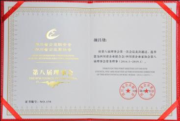 2014年1月,經(jīng)第八屆理事會第一次會議表決通過,公司董事長顏昌緒先生選舉為四川省企業(yè)聯(lián)合會/四川省企業(yè)家協(xié)會第八屆理事會常務(wù)理事。
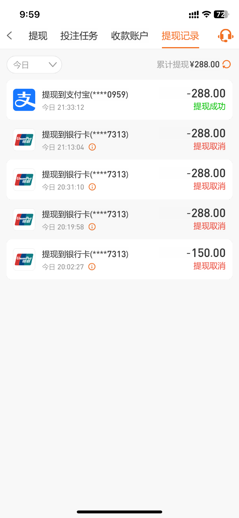 提了3个小时还没到账
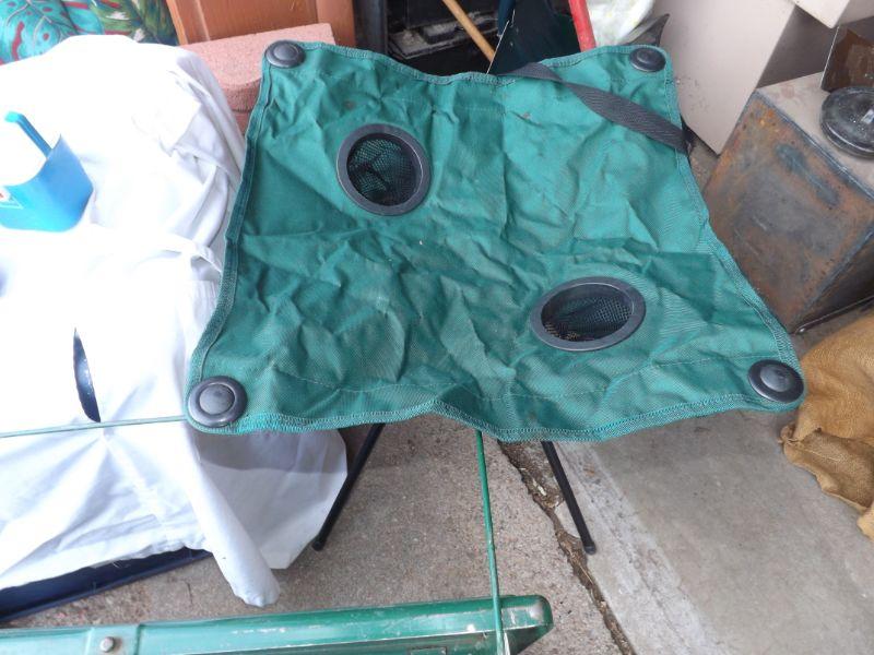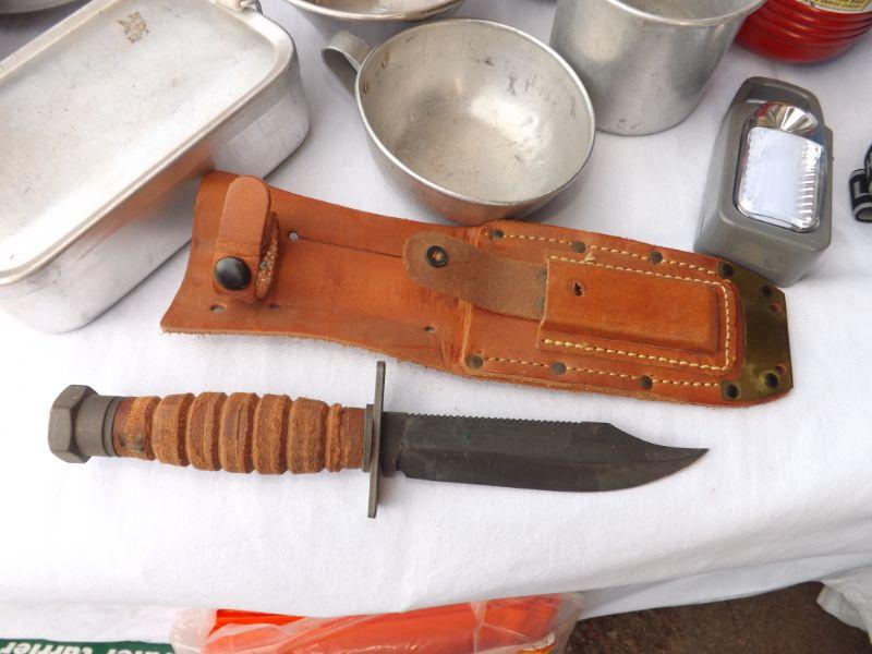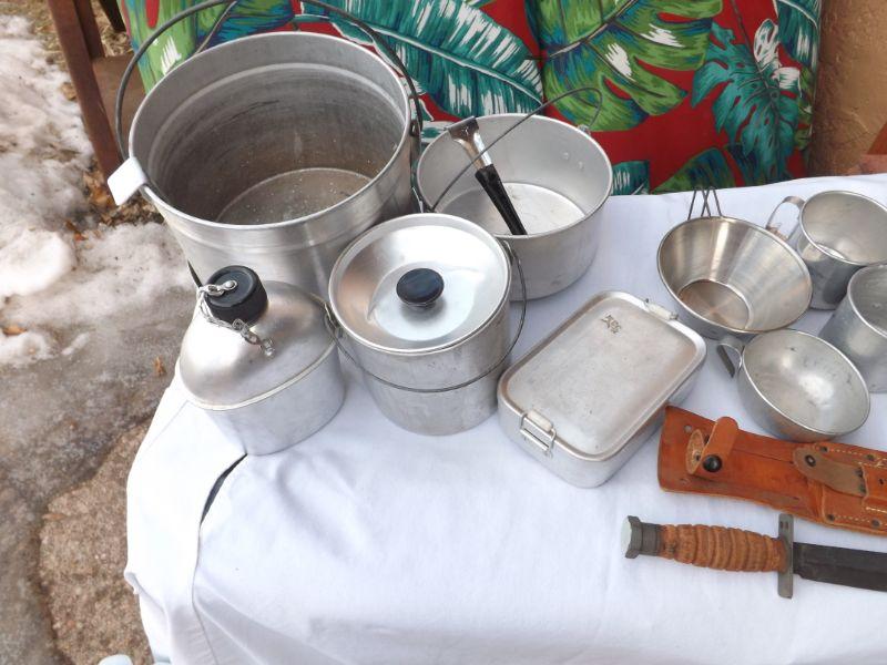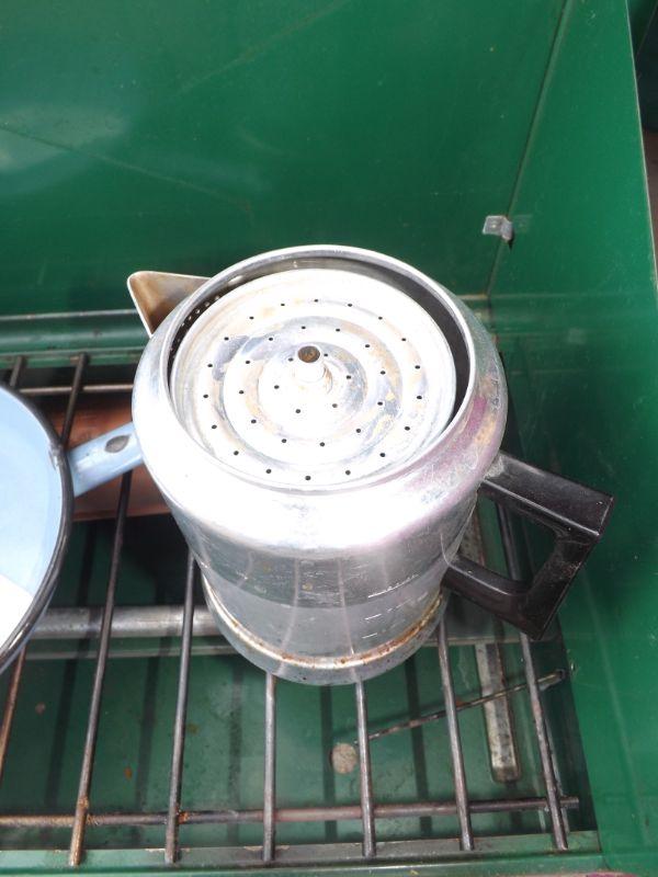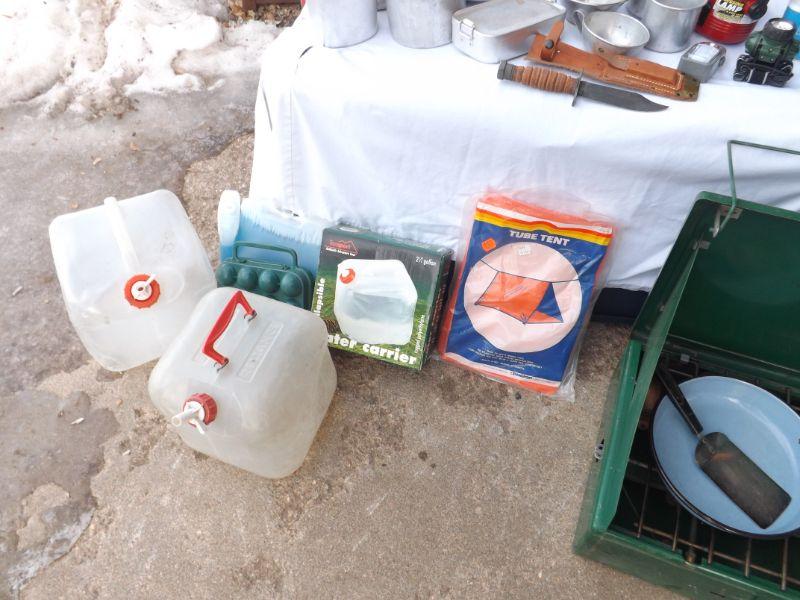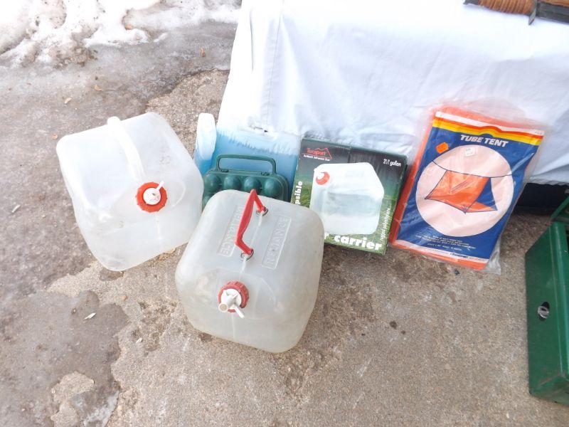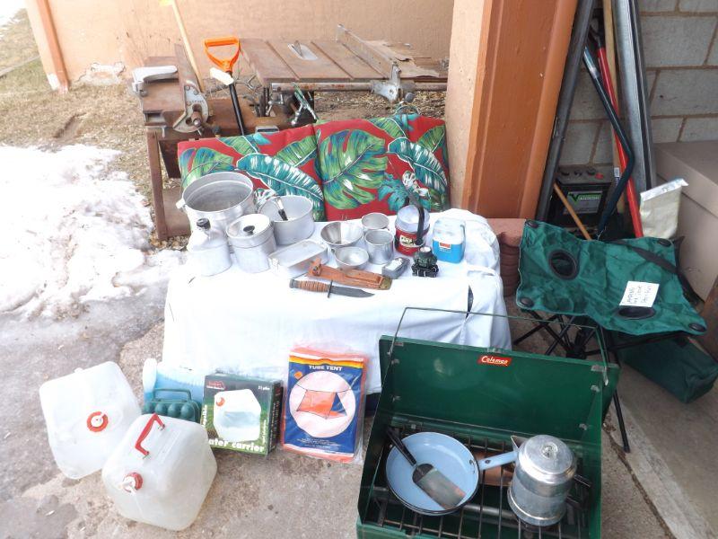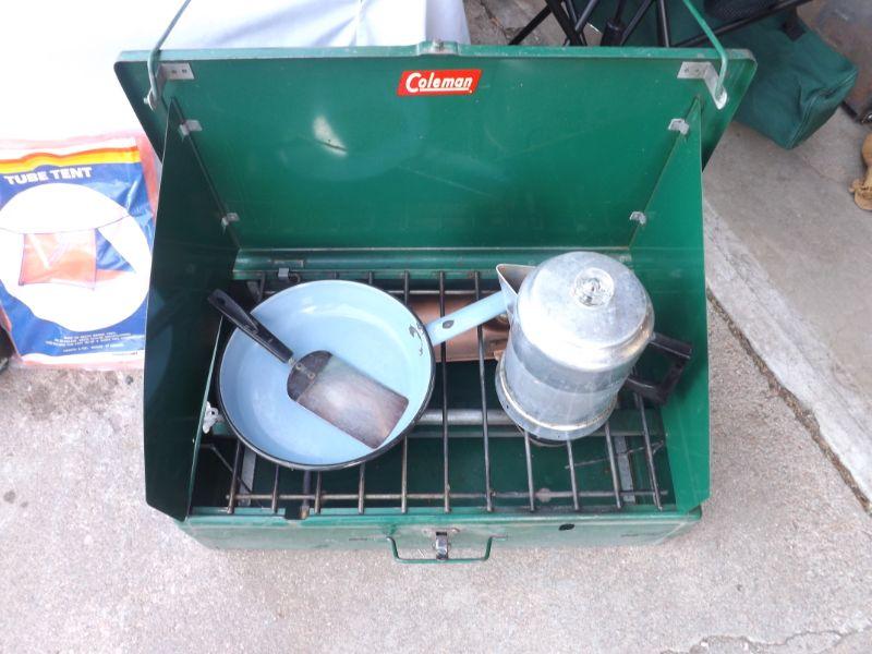 LARGE LOT OF CAMPING ITEMS, COLEMAN STOVE, COFFEE POT, FRYING PAN, ASSORTMENT OF OTHER POTS & PANS, WATER JUGS, TENT, KNIFE WITH SHEATH, FOLD UP NYLON CAMP TABLE / SEAT, FLASHLIGHTS, AND MORE
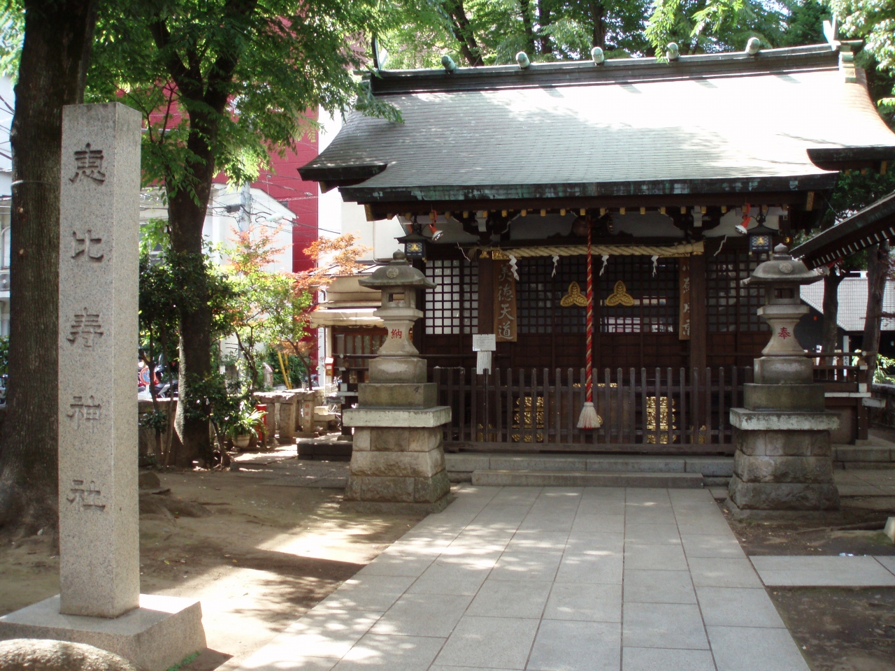 JR恵比寿駅西口改札を出て約100メートルぐらい歩いて居酒屋などの多い雑居ビルのど真ん中に恵比寿神社は鎮座してます。小さな恵比寿神社を中心に道路が境内を避けるようにぐるりと四方を取り囲んでホット一息つける場所です。又、恵比寿ガーデンプレイス内にも小さな恵比寿神社がありました。ところで日本の三大恵比寿神社は京都恵比寿神社・大阪今宮恵比寿神社・西宮恵比寿神社らしい~す。
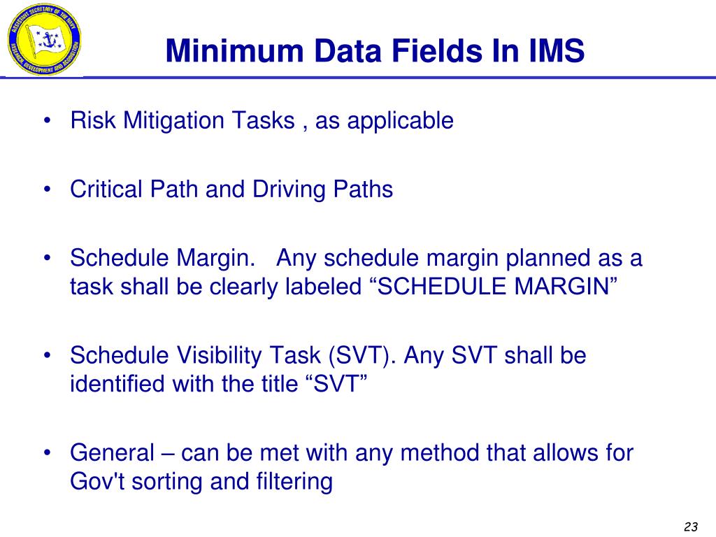 Minimum Data Fields In IMS • Risk Mitigation Tasks , as applicable • Critical Path and Driving Paths • Schedule Margin. Any schedule margin planned as a task shall be clearly labeled “SCHEDULE MARGIN” • Schedule Visibility Task (SVT). Any SVT shall be identified with the title “SVT” • General – can be met with any method that allows for Gov't sorting and filtering
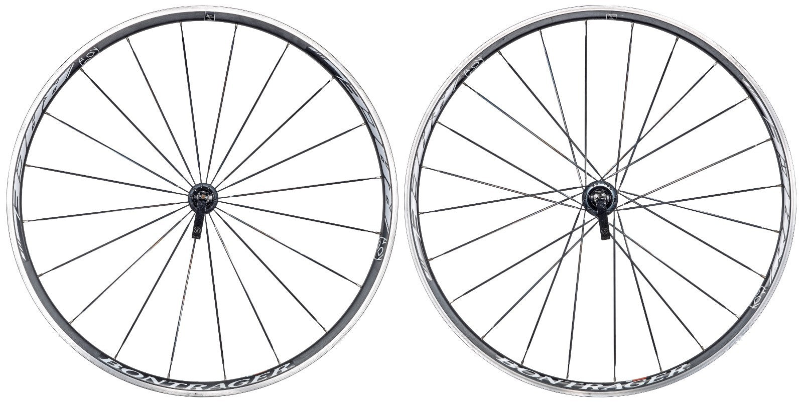 Condition: Used Shows normal signs of previous use, some marks/scuffs to spokes, rims, decals, & hubs, uniform wear on braking tracks, light biting to freehub body, bearings roll smoothly on hubs || detailed mileage & history not known. NOTE: Bontrager skewers included.
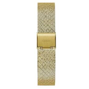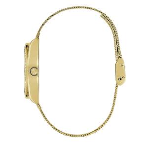 O aro cravejado com cristais completa o visual luxuoso, enquanto a pulseira mesh em aço inoxidável dourado garante conforto, leveza e ajuste moderno.
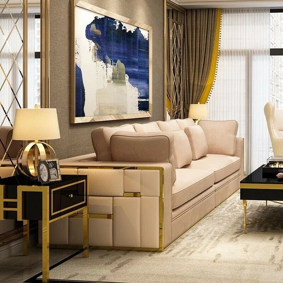 Besonderheiten: Diese Designer Couchgarnitur besticht durch ihre außergewöhnliche Kombination aus Metallelementen und hochwertigen Bezügen. Die Verwendung von Premium Materialien und das moderne Design machen diese Garnitur zu einem echten Blickfang in Ihrem Wohnzimmer.
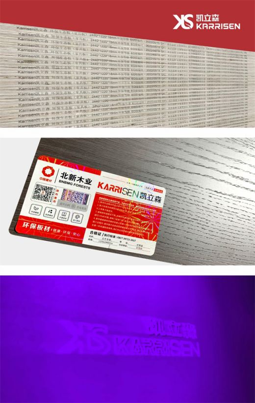 Karrisen凱立森?擁有三重產(chǎn)品防偽標(biāo)識(shí):(1)每張凱立森多層實(shí)木家具板的側(cè)面都有“Karrisen凱立森”專用噴碼標(biāo)識(shí);(2)每張?jiān)谑鄣腒arrisen凱立森?多層實(shí)木家具板板身都有合格證,帶有防偽標(biāo),可以進(jìn)行防偽查詢;(3)每張Karrisen凱立森?多層實(shí)木家具板飾面在紫外線光的照射下,都會(huì)出現(xiàn)“Karrisen凱立森?”的隱形防偽標(biāo)識(shí)。
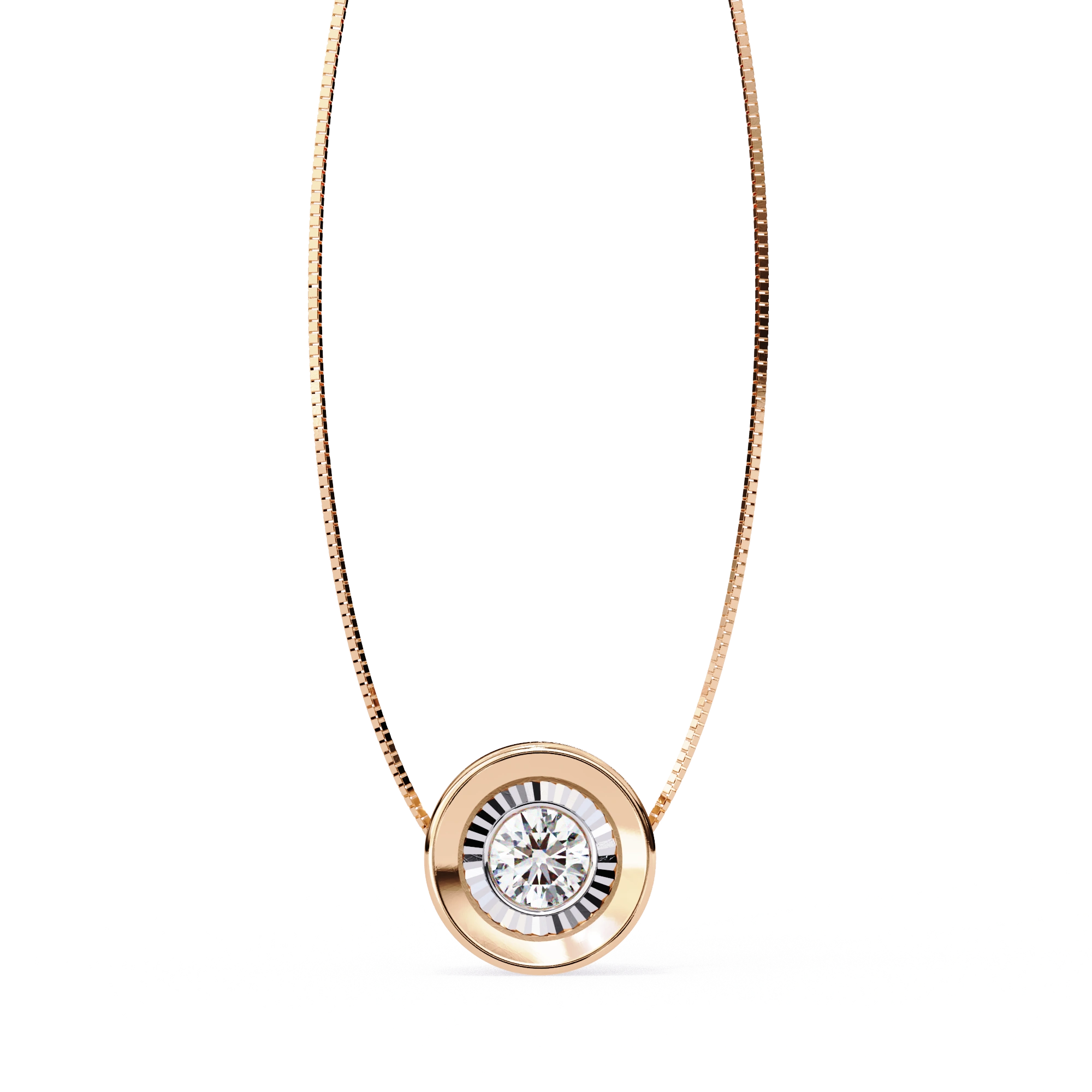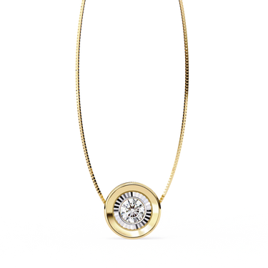 This 0.25ct Round Lab Diamond Two-Tone Bezel Pendant is the perfect dainty option that will add a touch of glam to your casual look. Middle Round Lab Diamond Pendant The centrally placed round stone cut to clean sparkle in a brilliant size.

■ ■ ■

Extract, character for character, every line from the one that holds "Karrisen凱立森?擁有" through the end of the entries above. Include both boundary lines and no pictures.

▶ Answer to this task:
 Karrisen凱立森?擁有三重產(chǎn)品防偽標(biāo)識(shí):(1)每張凱立森多層實(shí)木家具板的側(cè)面都有“Karrisen凱立森”專用噴碼標(biāo)識(shí);(2)每張?jiān)谑鄣腒arrisen凱立森?多層實(shí)木家具板板身都有合格證,帶有防偽標(biāo),可以進(jìn)行防偽查詢;(3)每張Karrisen凱立森?多層實(shí)木家具板飾面在紫外線光的照射下,都會(huì)出現(xiàn)“Karrisen凱立森?”的隱形防偽標(biāo)識(shí)。
 This 0.25ct Round Lab Diamond Two-Tone Bezel Pendant is the perfect dainty option that will add a touch of glam to your casual look. Middle Round Lab Diamond Pendant The centrally placed round stone cut to clean sparkle in a brilliant size.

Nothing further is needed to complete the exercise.